Herkese merhaba ! ^-^
Uzun bir köşe yazısı, editör ŞeymaNur_5890 hikayesi ile yine beraberiz. Bu hikaye; diğerlerinden farklı olarak her türlü duyguyu barındırıyor ve her kelimesi yüzde bin gerçek. Baştan belirteyim; köşe yazımı gözünüzde büyüterek okumamazlık etmemenizi rica ediyorum. Çünkü, bu yazıda; hepinizin, kendinizden bir parça bulacağına eminim. İyi okumalar ve okuduğunuz, yorum yaptığınız, paylaştığınız için şimdiden çok teşekkürler ^^ …

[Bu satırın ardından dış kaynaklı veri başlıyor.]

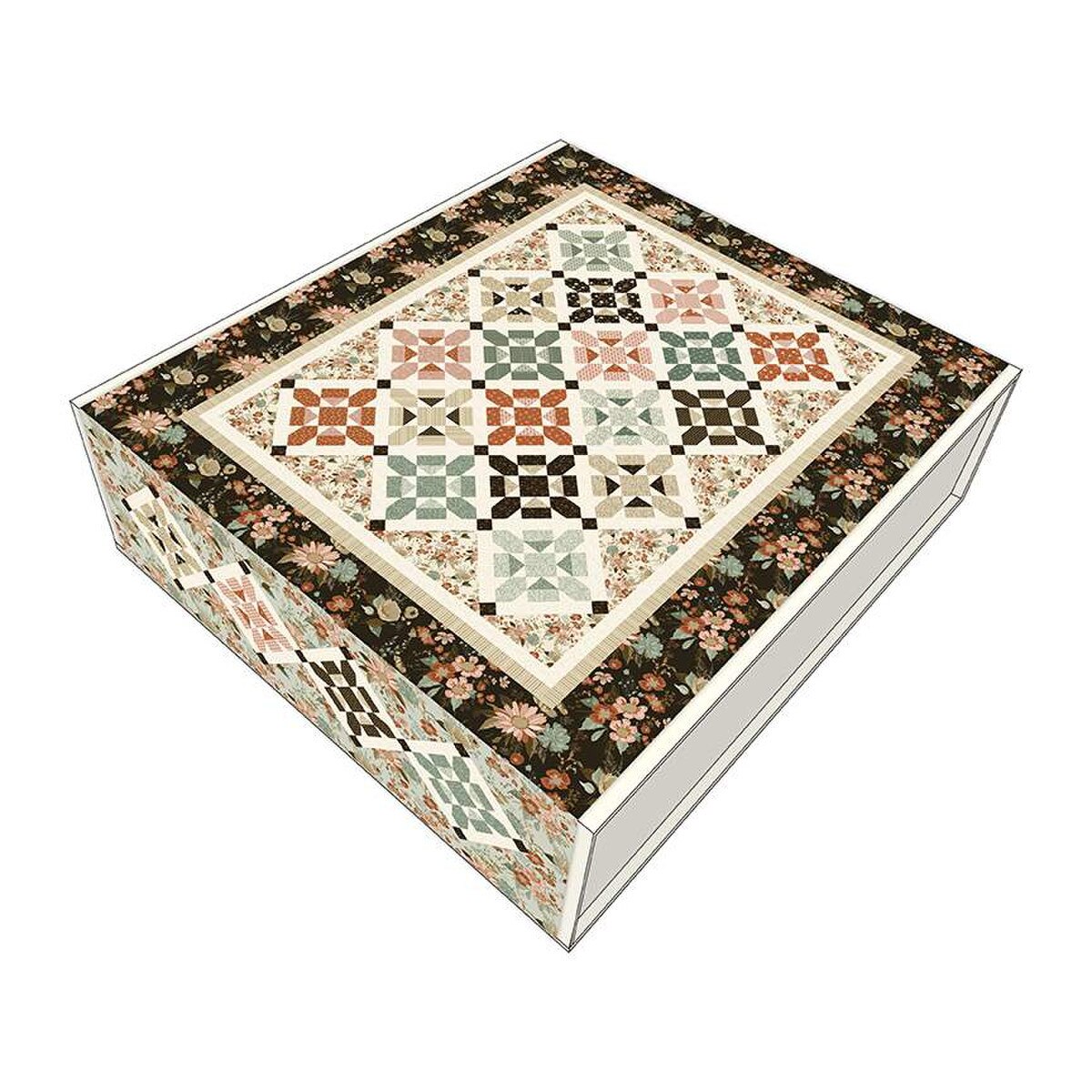 The Let's Get Fancy Quilt Kit includes pattern and fabric for quilt top and binding. Backing not included. Fabric featured is Morning Latte by Sandy Gervais of Pieces from My Heart. Pattern is also by Sandy Gervais. Finished size is 80 1/4" x 102 1/4". Kit comes in a solid box with a printed belly band label. Box size is approximately 11" x 12 1/4" x 3 1/2".

Birçok köşe yazımda olduğu gibi bu yazıda da nasıl başlayacağımı, devam edeceğimi, bitireceğimi hiç bilmiyorum. Öyle ki bu yazı; tüm köşe yazılarımın, size aktardığım hikayelerimin içinde en özel ve en güzel olanı ! Daha bu satırları yazarken elim, ayağım titriyor ve hislerim birbirine karışıyor; nasıl devam edeceğim ya da içimden geçtiği gibi devam edebilecek miyim ben de merak ediyorum …
Yaklaşık 4 senedir KoreZin editörü ve 5 senedir KoreanTürk çevirmeniyim çoğunuzun bildiği gibi. Çılgın bir Triple S (SS501 hayranı) ve SS501’in bebişi Kim Hyung Jun’un ağır hastası olduğumu da bilmeyen yoktur galiba. Hem burada, hem birçok mecrada şu ifadeyi sık sık duydum ve duyuyorum “ Kim Hyung Jun ile ilgili bir şey görünce aklıma direkt sen geliyorsun. “ Bu ifadenin beni müthiş derecede mutlu ettiğini söylemeden ve hep böyle olmasını dilemeden geçemeyeceğim öncelikle.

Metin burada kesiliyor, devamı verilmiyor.